As for the half sisters she'd never known existed, what would be the point of meeting them now? True, she'd been raised as an only child and had always wished for siblings—brothers or sisters—but now that she was faced with her father's infidelity, she wasn't sure she could accept her sisters. Oh, what was she thinking? Sisters?
Half
sisters? Two of them? What would she say to them? What
could
she say?

“This is way too sudden for me, Dad.”

“And I'm runnin' out of time.” He scowled and clicked off the television. “Who knows when the Grim Reaper's gonna knock on my door?”

“Don't talk like that!”

“I've already had one heart attack. I think it's time to live my life the way I want to.” He rubbed his jaw, scratching the silver bristles covering his chin. “Besides, you'll like Brynnie, if you only give her a chance.”

Bliss wasn't so sure. Brynnie, was, after all, her father's mistress and even though Bliss had known that her parents had drifted apart over the years, she couldn't just accept this other woman as part of her family. Bile climbed steadily up her throat, but she forced it back down.

“Your mother and I…well, we were never right for each other. We were from different worlds. I was at home in the saddle with a plug of tobacco, and she wanted to see the damned ballet.”

“I remember.” Margaret Cawthorne was from old San Francisco money. John had been a cowboy with a keen mind who had bought land during the recession and made a fortune. He'd split his time between Seattle, where he owned property, and Bittersweet, Oregon, where his ranch was located.

A cloud passed behind his eyes, as if he still felt some kind of regret.

“But you stayed married.”

“Believed in the institution. And there was you to consider.”

“You made a mockery of the institution, Dad. And of me.” Bliss stood, folded her arms over her chest, leaned against the cool wall and stared out the window to the parking lot three stories below. Rain drizzled from oppressive gray clouds, streaking down the panes. She could scarcely breathe. Her parents hadn't loved each other? Her father had been and still was involved with another woman? How could she not have known or guessed? She swallowed against a suddenly thick throat. Everything she believed in seemed to be falling apart, and more rapidly by the moment.

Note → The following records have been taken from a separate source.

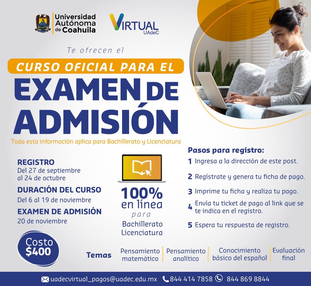 Para más información ingresar a la página http://www.cged.uadec.mx/cursodepreparacion/ visitar el Facebook “UAdeC Virtual” o comunicarse a los teléfonos (844) 4 14 78 58, (844) 4 14 81 02 y (844) 4 10 99 54 y vía WhatsApp al (844) 869 8844. (EL HERALDO)
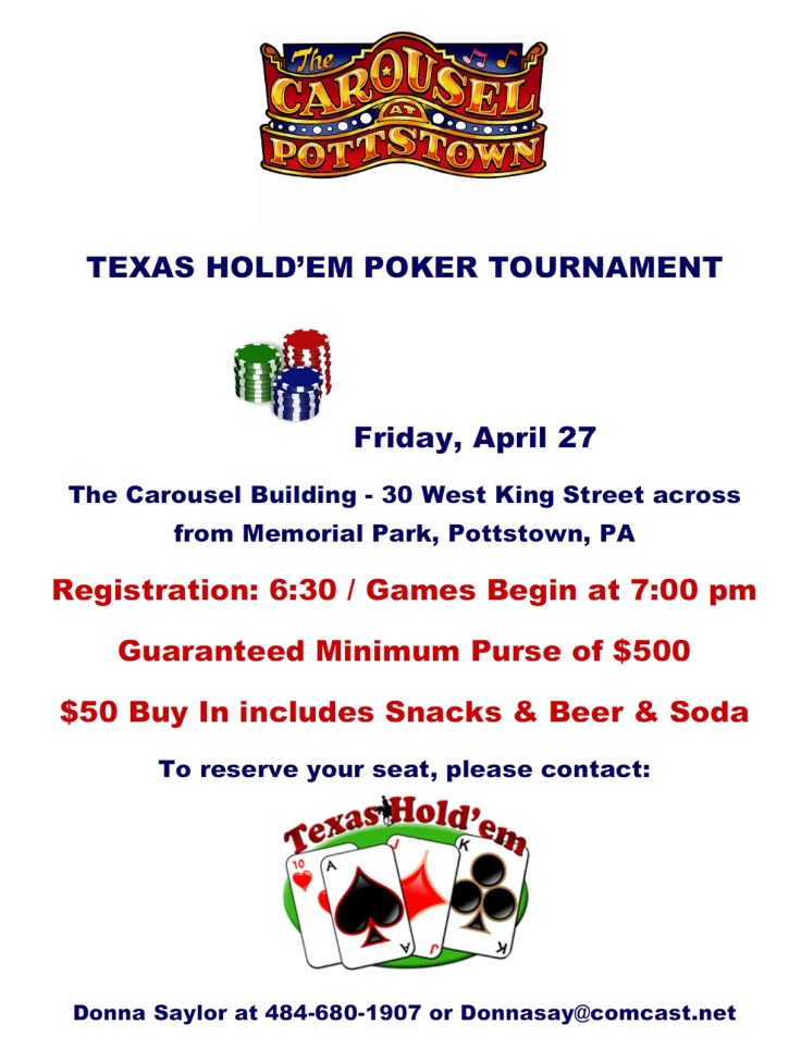 See the details below for a Texas Hold ‘Em tournament that’s taking place TONIGHT at The Carousel at Pottstown. And click here for Evan Brandt’s blog post about it. Oh… and click here if you want to hear Kenny Rogers sing about knowing when to hold ’em and knowing when to fold ’em!
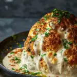 Whole Roasted Cauliflower with Tahini Sauce is a dish that turns simple ingredients into something truly special. With its golden roasted exterior, creamy sauce, and fresh toppings, it delivers layers of flavor and texture that feel both comforting and elegant. Whether served as a vegetarian main course or a striking side dish, this recipe is an easy way to make cauliflower the star of your table.
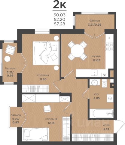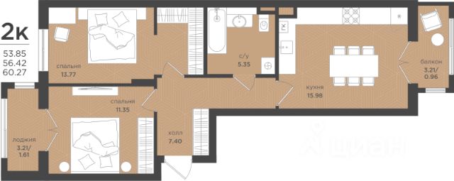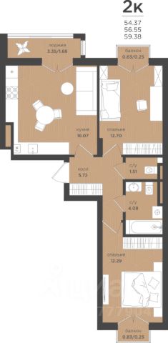 Продаётся 2-комнатная квартира в строящемся доме (ГП1, 1 этап), срок сдачи: IV-кв. 2026, общей площадью 56.55 кв.м., на 3 этаже. Новый жилой комплекс "Вишневый квартал" от компании "Эллипс" расположен в пос. Вишневое Калининградской области на ул. Глазурная.
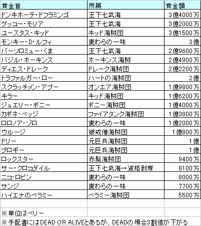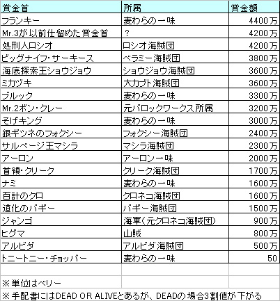 ※修正しました!(2008/9/5)麦わらの一味の懸賞金は下記の通り。
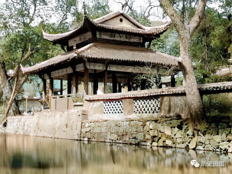 这是1917年杭州灵隐寺一角。在冷泉溪前,有一座四角亭子叫“冷泉亭”。站在这里,能看到斜对面灵隐寺的山门。

“I always thought opposites attracted,” Bliss said lamely. Heat stole up the back of her neck when she thought of her one experience with a man as opposite from her once-prim city-girl ways as could be. Mason Lafferty, the randy, tough-as-rawhide ranch hand who had worked for her father the summer she was almost eighteen, had managed to steal her naive heart before her father had stepped in.

“I suppose there's some truth to the saying, but not as opposite as we were. In the beginning, I guess we didn't realize how different we were and then…well, I found Brynnie.…” He had the good grace to look sheepish and Bliss felt the bleak ache in her heart thud painfully. He'd cheated on her mother with this woman he intended to marry. He'd fathered a child with her. “Brynnie's had her share of troubles, you know. Been married a few times and has some older boys that give her headaches you wouldn't believe.”

From the half-open door Bliss heard the reassuring beep of heart monitors and the quiet conversation of the nurses busying around their station, from which the corridors fanned toward the private rooms on the outside walls of the building. A medications cart rattled by and the elevator call button chimed. Sighing, Bliss looked down at her father, her only living parent.

“Come down to the wedding, Bliss,” John said, his leathery skin stretched tight over his cheekbones. “It's important to me. Damn it, honey, I know it will be hard for you, but you're tough, like your ma. The way I see it, I've lost too much time already and I think we should start over. Be a family.”

“You and Brynnie and her children and me,” she clarified.